Event. GVK subsidiary, Bangalore Airport & Infrastructure
Developers Pvt. Ltd. (BAIDPL – holding company of BIAL) is to
exercise its Right of First Refusal (RoFR) to acquire additional
14% equity stake in BIAL for US$135m from Siemens Project
Ventures, subject to regulatory approvals. Management intends to
buy-out the remaining 26% equity stake from Siemens as and
when it is due for sale.
Deal implications. Assuming 100% debt funding of ~`6bn and
43% share of BIAL profits, interest costs would more than offset
gains from higher share of profits. This deal value is 8.5% higher
than the earlier L&T deal value (`6.9bn-17% equity).

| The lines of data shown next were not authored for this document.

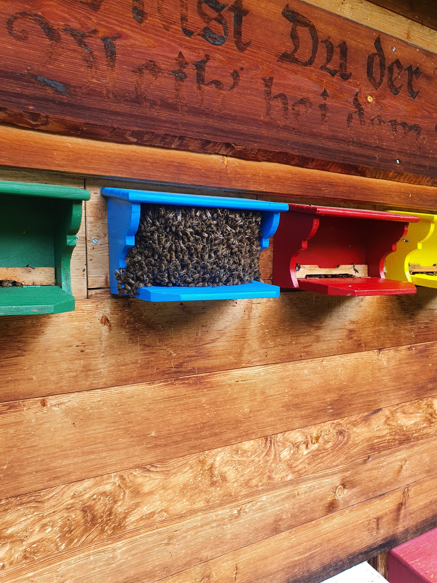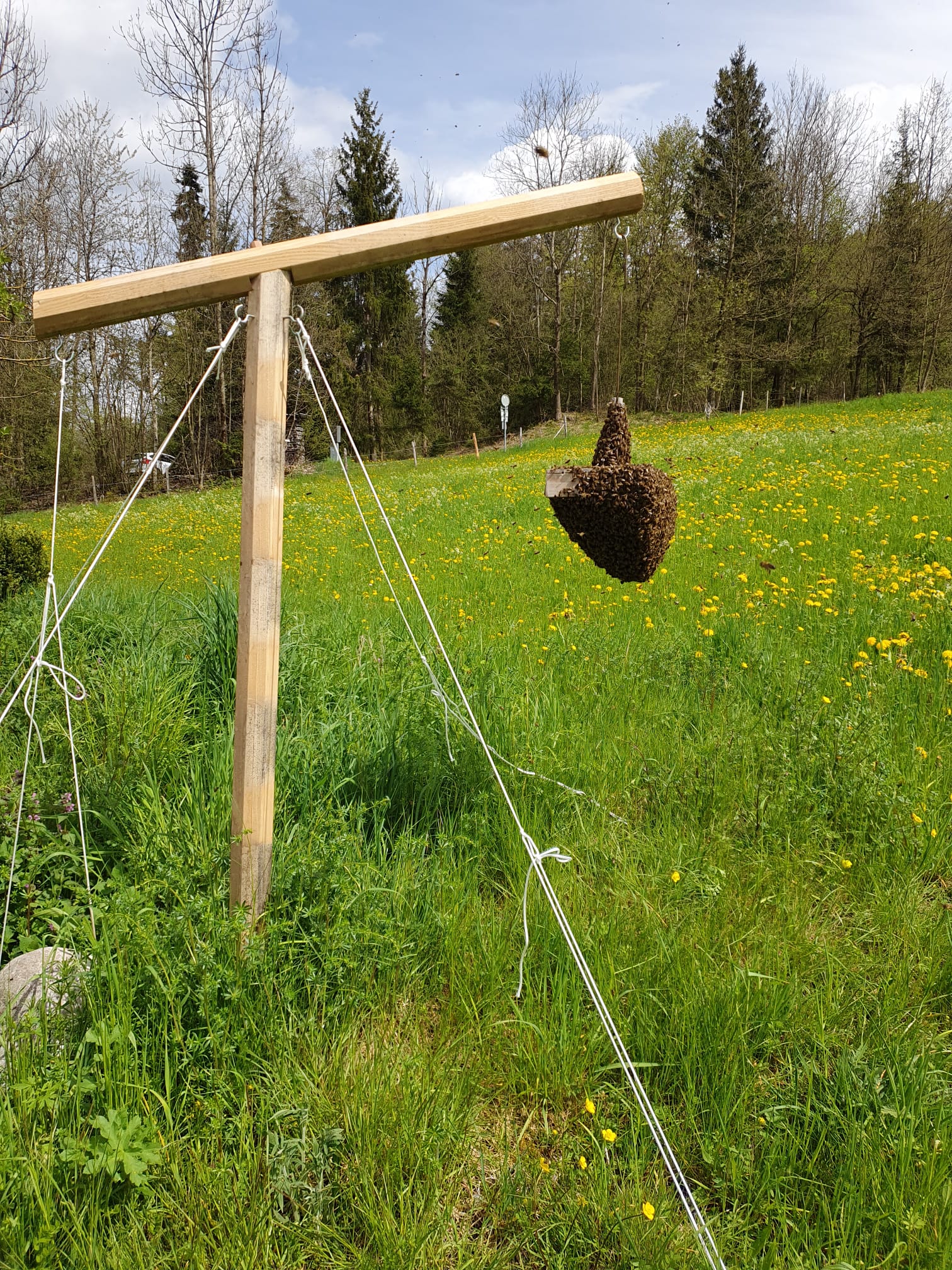 Wenn ein Bienenvolk zu gross wird, verlässt ein Teil der Bienen zusammen mit der alten Königin den Stock – ein neues Volk entsteht. Dieses sogenannte Schwärmen ist eine natürliche Form der Vermehrung und ein eindrückliches Erlebnis. Die Bienen sammeln sich in einer dichten Traube an einem Ast oder einer anderen geschützten Stelle, während Spurbienen nach einem geeigneten neuen Zuhause suchen.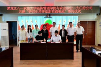 为提升公司产品质量、凝练培养特色,进一步夯实专业硕士实习实践培养基础,best365中国官方网站积极探索与垦、地联合培养创新型、应用型人才新模式,为黑龙江省现代农业发展培养高素质人才,进一步加强产学研结合,实现资源共享。暑假期间,best365中国官方网站与北大荒农业股份八五五、二九〇、军川、八五九农场有限公司、哈尔滨医科大学附属第五医院、及大庆老街基农副产品有限公司签订共建“公司产品创新基地”和“校外实习实践就业基地”协议书,举行挂牌仪式,并就双方人才培训机制、环境条件和导师协作等方面合作共建相关事项开展座谈。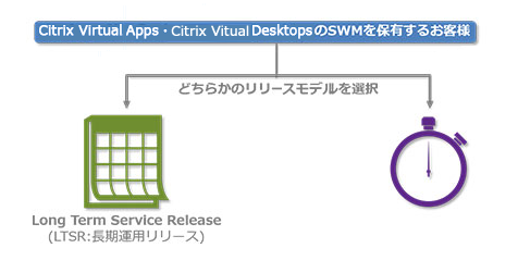 多くの企業においてパソコンはリース契約が満了するまで同一バージョンで運用することが多く、デスクトップ仮想化環境に移行された企業おいても同様に長期運用を求められる傾向があります。しかし、Citrixは短いスパンで革新的な機能を含む新バージョンをリリースしているため、多くのお客様より長期運用に適したライフサイクルへの変更要望が上がっておりました。Citrixはお客様の声に耳を傾け、2016年1月より2つのサイクルモデルでCitrix Virtual AppsおよびCitrix Virtual Desktopsを提供しています。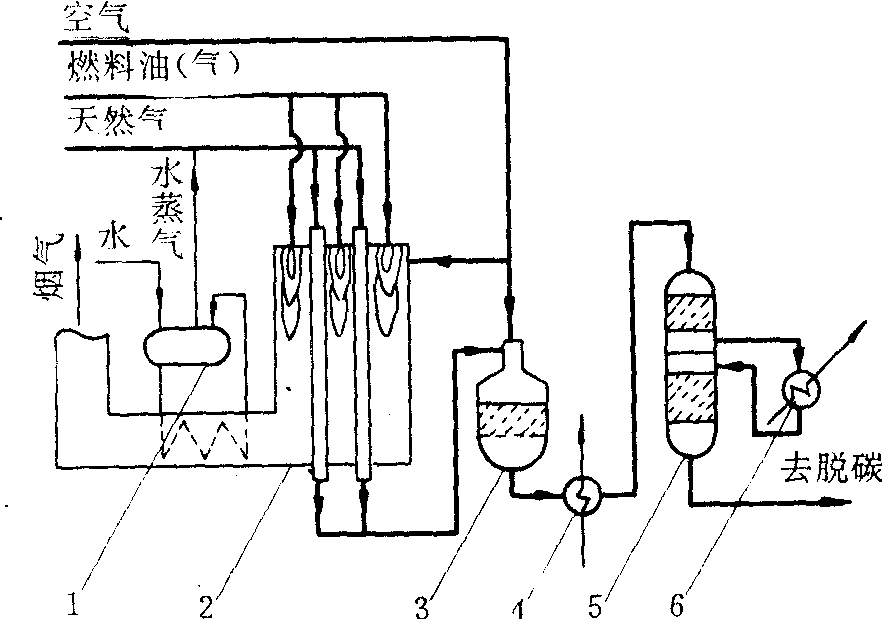 1 中压废热锅炉 2 一段转化炉 3 二段转化炉4 高压废热锅炉 5 CO变换器 6 低压废热锅炉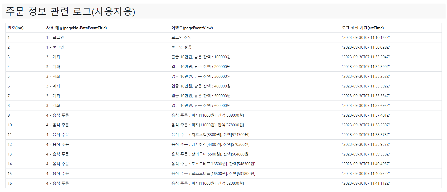 고객이 이용한 서비스 로그로 이용하여 로그인, 입출금, 음식 주문과 같은 내역을 출력하도록 완성하였다.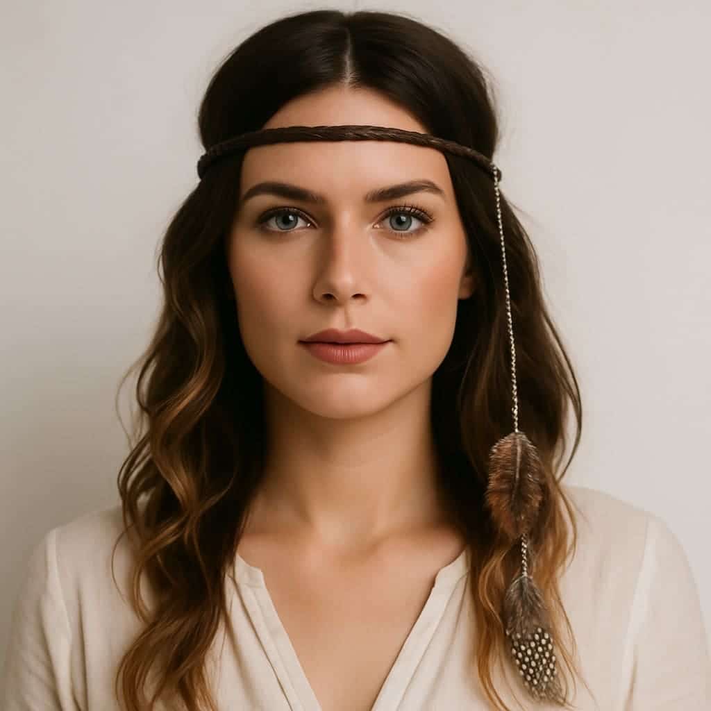 Ce head band femme cuir tressé avec plumes évoque la liberté et l’élégance des looks bohèmes.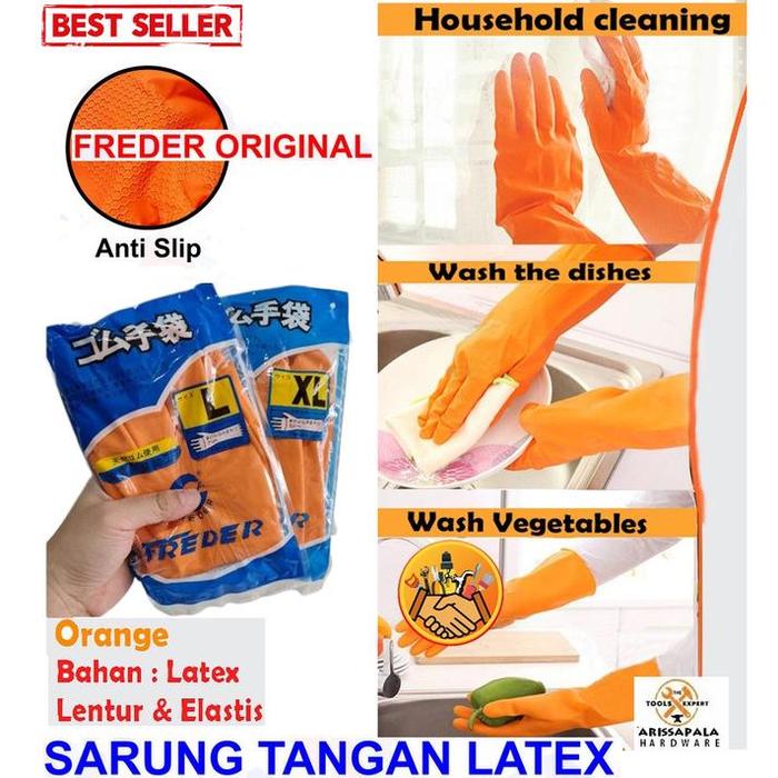 FREDER SARUNG TANGAN KARET LATEX SARUNG TANGAN CUCI KEBUN TEBAL LENTUR - BENANGHITAM - BENANGHITAM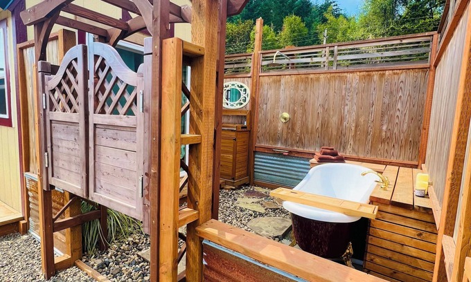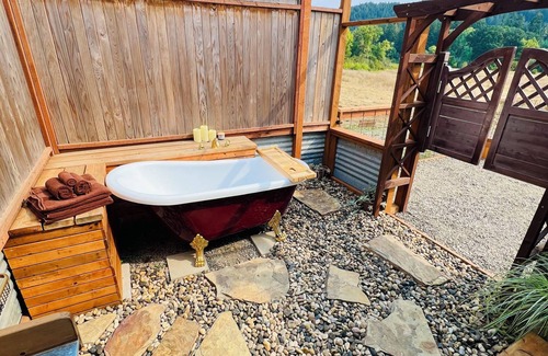 Enjoy the lovely setting of this completely seperate and private romantic spot in nature. Nestled in a beautiful valley on a 32 acre pristine farm in Oregons wine country. Take a walk to enjoy the animals or simply sit by the creek on the property. Or stay cozied up in a brand newly built off grid cabin, full with an outdoor bath and shower, kitchenette and toilet. Short distance away from several amazing outdoor recreational activities.Just miles from many local wineries. Shuttle services can be provided upon request as an add on. This is a rustic off-grid tiny home experience for those looking for a romantic and unique getaway in nature. The cabin is small but cozy, with a king size luxurious bed and a full home movie theatre style projector and popcorn maker. The bathroom and kitchenette are located outside of the cabin and are covered and private. This is a perfect place to unwind, decompress, and spend quality time with a significant other. Farm fresh eggs can be available upon request. If you have any questions about our amenities of facilities please reach out to us!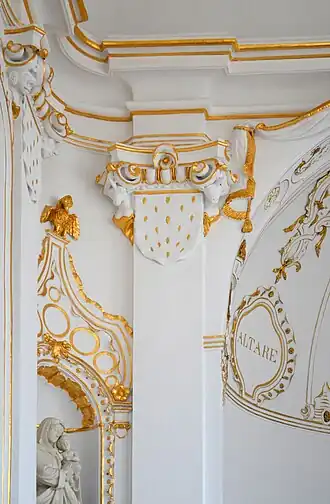 Het interieur bezit fraai stucwerk dat witgeschilderd is met gouden versieringen, deels in rococostijl. De ruimte wordt overwelfd door een spiegelgewelf. Aan de zijkant vindt men pilasters met Ionische kapitelen.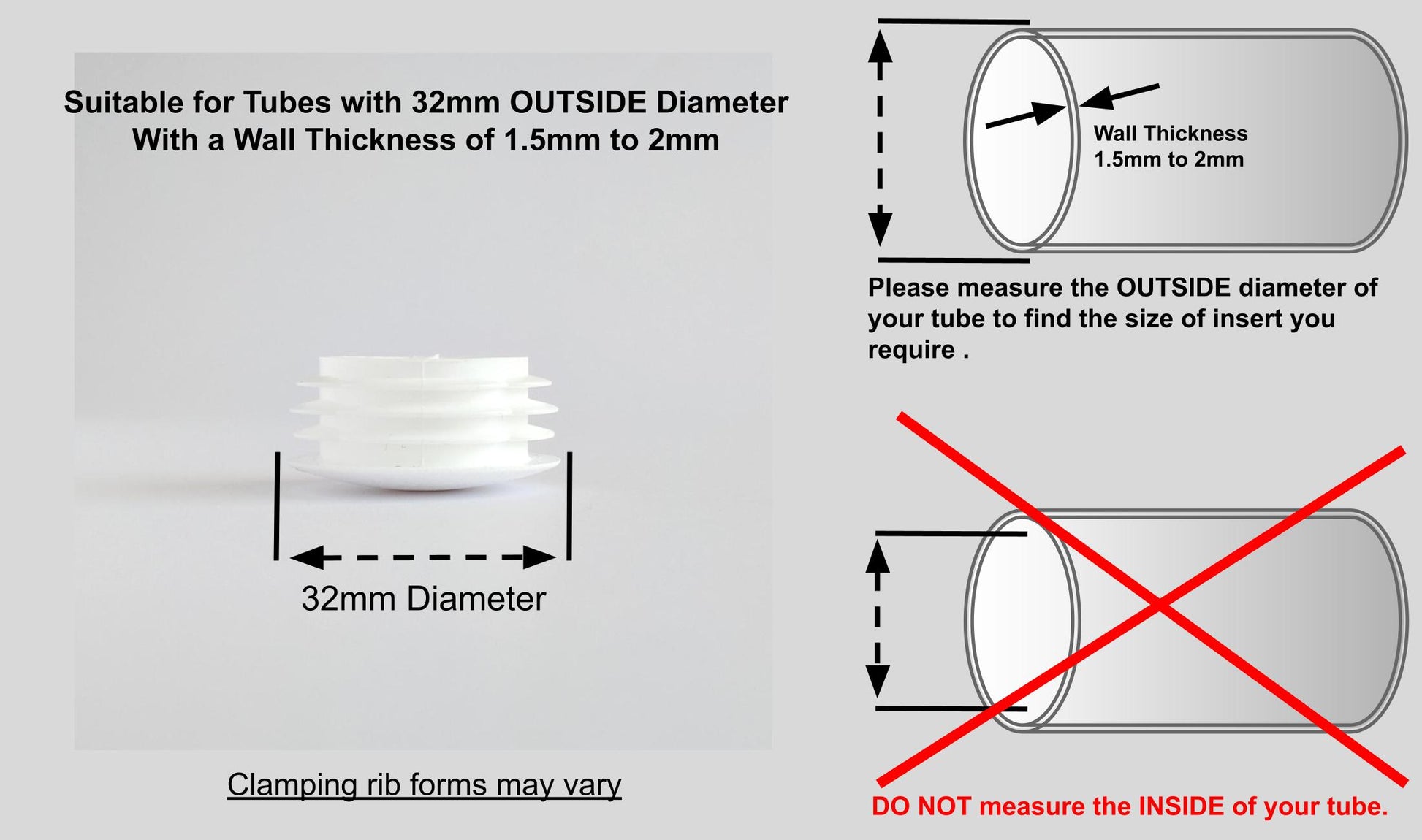 • When ordering these insert plugs, Measure the OUTSIDE diameter of the tube to find the size of insert required. These inserts are suitable for tubes with a wall thickness of 1.5mm to 2mm.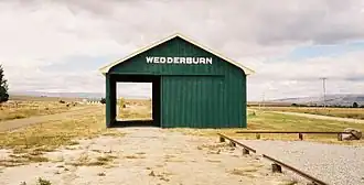 Wedderburn is on State Highway 85 close to the Otago Central Rail Trail.[1] Originally a coaching stop, it became a terminus on the Otago Central Railway in 1921 and headquarters for the Public Works Department during construction of the line section. This section was eventually abandoned due to declining traffic. The line was sustained in the 1980s by carrying materials for the Clyde Dam, which inundated the line between Clyde and Cromwell. However, traffic fell below sustainable levels after the dam's completion, leading to official closure.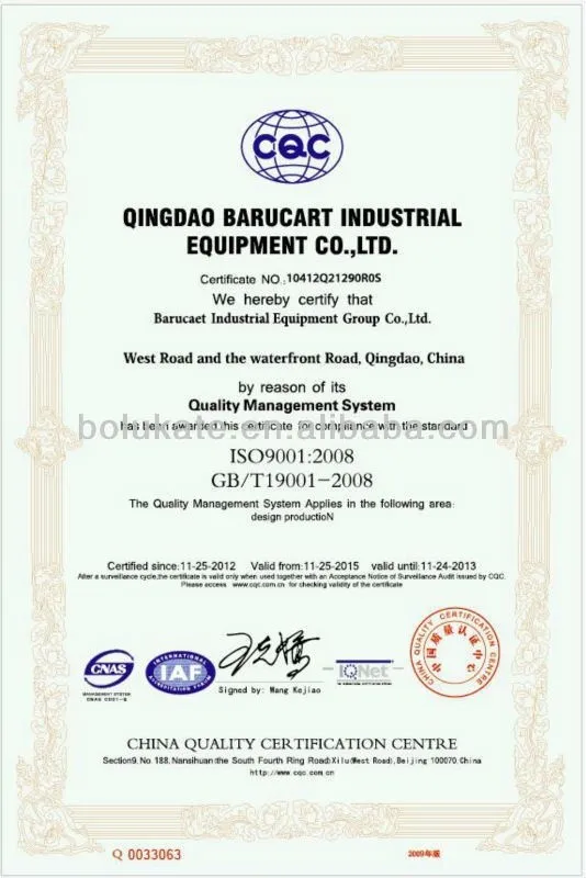 1. Supplier promise the name, model, specification and quantity comply with technical protocol,assuring the machine is new equipment with qualified material manufactured through perfect technology.There are no defects in design, material and technologies, which is suitable for propose of demander,and meets the standard of national industry. The quality is stable and reliable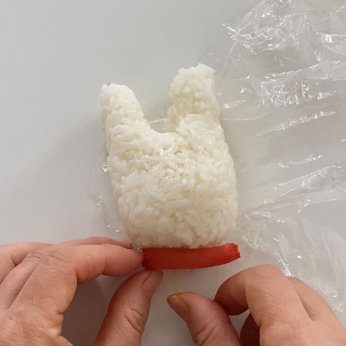 3.ウインナーをカットしてリサの顔の下にとめる。
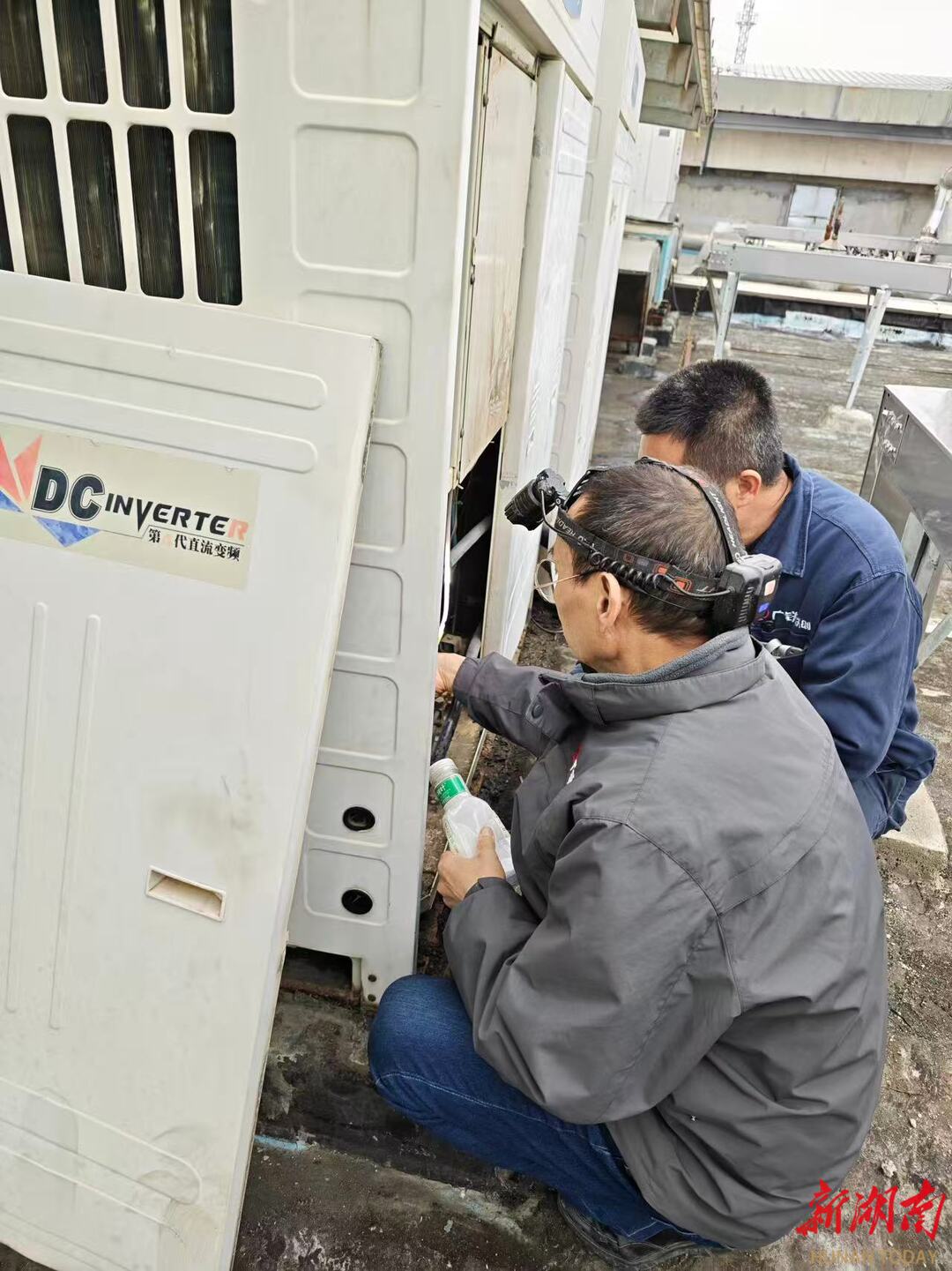 维修骨干邓虹阳、刘月民率先扛起室外排查的重任,两人顶着寒风一步步爬上站房顶部,到达空调外机区域,对压缩机及沿线管道进行逐段检查。冰冷的紫铜管道沾上手就冻得发麻,他俩却丝毫不在意,用检漏仪仔细检测每一个接口、焊缝,生怕错过任何一个细微漏点。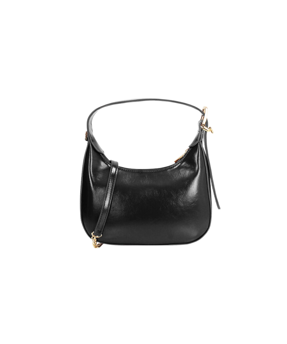Elegant and contemporary, this black mini bag is the accessory that transforms every look. Crafted from a shiny material that catches the light, it features a removable shoulder strap for unparalleled versatility. With a compact size of 22 x 13.5 x 5.5 cm and an internal pocket, it's perfect for work or a night out. A must-have from the Primadonna Collection for those who want a touch of character in every outfit. Choose your style and make a statement with this unique bag.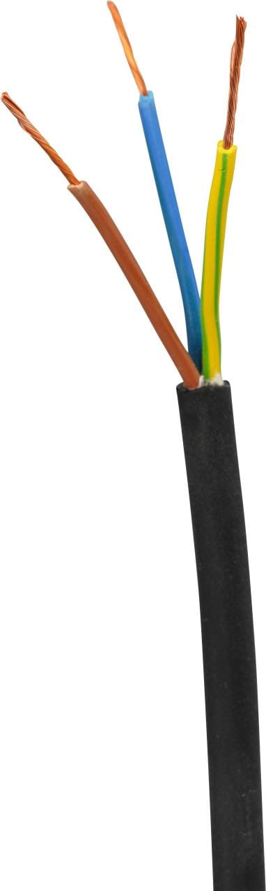 Dreiadriges Kabel mit freindrähtigen Kupferleitern mit Gummimantel. Die Adern sind verseilt und ebenfalls mit Gummi isoliert. Gut geeignet für den Anschschluss von Elektrogeräten wie z. B. Lötkolben, Bohrmaschinen, Küchengeräte, Staubsauger, etc.

Media reports
suggest that Changi and Tatas were keen to invest in BIAL, and a
buy-out by GVK at higher valuations was thus imperative.
Revised equity holding. Upon the share transfer, GVK would
hold 43% in BIAL (associate) and Siemens would hold 26%.
Valuation. The deal would be neutral to our GVK SOTP value of
`39 after adjusting for further BIAL stake and acquisition debt.
Higher share in BIAL real estate proceeds could be SOTP positive.
However, interest payments could dilute consolidated earnings.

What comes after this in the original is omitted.